Yeah, guys shoot 4 flashes at once at a couple or something, kills the ambient daylight.


----------



## JG_Coleman (Oct 5, 2010)

ottor said:


> So ....  perhaps for the long exposure .... under what other conditions would you use such a small setting? I've actually never used such an extreme number, but think I'll play around a little..
> 
> Are there any negatives to this?  -  sharpness, etc?
> 
> r



I use f/22 often for maximum depth-of-field in landscapes.  Such a small aperture renders everything in focus.  A small aperture allows you to keep everything sharp in a shot with considerable depth.  For example, foreground objects, which may be only a few feet away, can be kept crisp without losing any sharpness all the way to distant background details.  For landscapes, the simplest way to think of it is that f/22 renders everything pretty sharp, not just the focus point.

There are definitely downsides to using such a small aperture, though.  For one, even though everything in the shot will be _relatively_ sharp... larger apertures generally resolve detail better than smaller apertures.  For example, f/8 through f/11 will usually render details more sharply than f/22.  The difference isn't enormous, but it _is_ perceivable at 1:1 when you compare the same photo taken at different apertures.

So, using tiny apertures is something of a compromise, and should generally be used with this consideration.  On one hand, when using a mid-range aperture like f/8 or f/11, the objects at the focus point will be slightly sharper than the same objects at the focus point using f/22.  On the other hand, most every object in the frame will be rather sharp with f/22, whereas objects shot at f/8 or f/11 will show a noticeable loss of sharpness the further they are from the focus point.

It's not a bad idea, even when shooting landscapes, to try to use a larger aperture if possible... like f/14, f/16, f/18.  These apertures still suffer from some loss of overall resolving power, but not as much as f/22.


----------



## Jcampbelll (Oct 5, 2010)

When using a tripod!


----------



## Derrel (Oct 6, 2010)

f/22 is great for scenics and landscapes whenever there's a bright, clear sky--be it white,gray,or blue; f/22 helps to show all the dirt and crud on your sensor's AA filter, and makes lovely, small, hard-edged black spots on even-toned areas, almost as if some waiter stood over the image and gave it a grind of fresh, black pepper from a pepper mill.
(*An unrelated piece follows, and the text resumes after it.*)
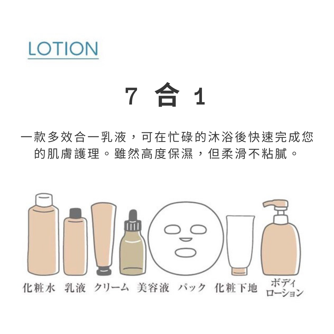 ●具備7種功能(乳液、精華液、乳液、潤膚露、面膜、乳霜、底妝)的整合式乳液。
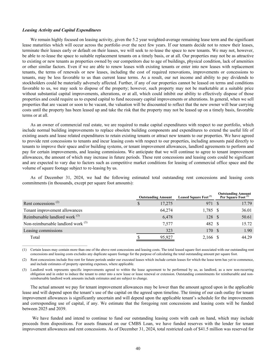 Leasing Activity and Capital Expenditures We remain highly focused on leasing activity, given the 5.2 year weighted-average remaining lease term and the significant lease maturities which will occur across the portfolio over the next few years. If our tenants decide not to renew their leases, terminate their leases early or default on their leases, we will seek to re-lease the space to new tenants. We may not, however, be able to re-lease the space to suitable replacement tenants on a timely basis, or at all. Our properties may not be as attractive to existing or new tenants as properties owned by our competitors due to age of buildings, physical condition, lack of amenities or other similar factors. Even if we are able to renew leases with existing tenants or enter into new leases with replacement tenants, the terms of renewals or new leases, including the cost of required renovations, improvements or concessions to tenants, may be less favorable to us than current lease terms. As a result, our net income and ability to pay dividends to stockholders could be materially adversely affected. Further, if any of our properties cannot be leased on terms and conditions favorable to us, we may seek to dispose of the property; however, such property may not be marketable at a suitable price without substantial capital improvements, alterations, or at all, which could inhibit our ability to effectively dispose of those properties and could require us to expend capital to fund necessary capital improvements or alterations. In general, when we sell properties that are vacant or soon to be vacant, the valuation will be discounted to reflect that the new owner will bear carrying costs until the property has been leased up and take the risk that the property may not be leased up on a timely basis, favorable terms or at all. As an owner of commercial real estate, we are required to make capital expenditures with respect to our portfolio, which include normal building improvements to replace obsolete building components and expenditures to extend the useful life of existing assets and lease related expenditures to retain existing tenants or attract new tenants to our properties. We have agreed to provide rent concessions to tenants and incur leasing costs with respect to our properties, including amounts paid directly to tenants to improve their space and/or building systems, or tenant improvement allowances, landlord agreements to perform and pay for certain improvements, and leasing commissions. We anticipate that we will continue to agree to tenant improvement allowances, the amount of which may increase in future periods. These rent concessions and leasing costs could be significant and are expected to vary due to factors such as competitive market conditions for leasing of commercial office space and the volume of square footage subject to re-leasing by us. As of December 31, 2024, we had the following estimated total outstanding rent concessions and leasing costs commitments (in thousands, except per square foot amounts): Outstanding Amount Leased Square Feet (1) Outstanding Amount Per Square Foot (1) Rent concessions (2) $ 17,275 971 $ 17.79 Tenant improvement allowances 64,274 1,785 $ 36.01 Reimbursable landlord work (3) 6,478 128 $ 50.61 Non-reimbursable landlord work (3) 7,577 482 $ 15.72 Leasing commissions 323 170 $ 1.90 Total $ 95,927 2,166 $ 44.29 ____________________________________ (1) Certain leases may contain more than one of the above rent concessions and leasing costs. The total leased square feet associated with our outstanding rent concessions and leasing costs excludes any duplicate square footage for the purpose of calculating the total outstanding amount per square foot. (2) Rent concessions include free rent for future periods under our executed leases which include certain leases for which the lease term has yet to commence, and include estimates of property operating expenses, where applicable. (3) Landlord work represents specific improvements agreed to within the lease agreement to be performed by us, as landlord, as a new non-recurring obligation and in order to induce the tenant to enter into a new lease or lease renewal or extension. Outstanding commitments for reimbursable and non- reimbursable landlord work amounts include estimates and are subject to change. The actual amount we pay for tenant improvement allowances may be lower than the amount agreed upon in the applicable lease and will depend upon the tenant’s use of the capital on the agreed upon timeline. The timing of our cash outlay for tenant improvement allowances is significantly uncertain and will depend upon the applicable tenant’s schedule for the improvements and corresponding use of capital, if any. We estimate that the foregoing rent concessions and leasing costs will be funded between 2025 and 2039. We have funded and intend to continue to fund our outstanding leasing costs with cash on hand, which may include proceeds from dispositions. For assets financed on our CMBS Loan, we have funded reserves with the lender for tenant improvement allowances and rent concessions. As of December 31, 2024, total restricted cash of $41.5 million was reserved for 40

You definitely ought to try it sometime! Mmmmmm....delicious....that f/22 goodness!


----------



## LittleMike (Oct 6, 2010)

This is when I use f/22:







In this image I obviously wanted to have the foreground in focus, but I also wanted to show the detail in the background to give a sense of how far away and below it was. With a shallow depth of field, the blur would have made it harder to tell the distance. 

And in MY opinion, having a scenic shot with clouds in it, and having them out of focus, is USUALLY not desirable.


----------



## benlonghair (Oct 6, 2010)

Macro photography. It's amazing on a longer lens (like my 300) how shallow the DoF is when you're close to the MFD.

This was taken at f/22 and the DoF is still too shallow.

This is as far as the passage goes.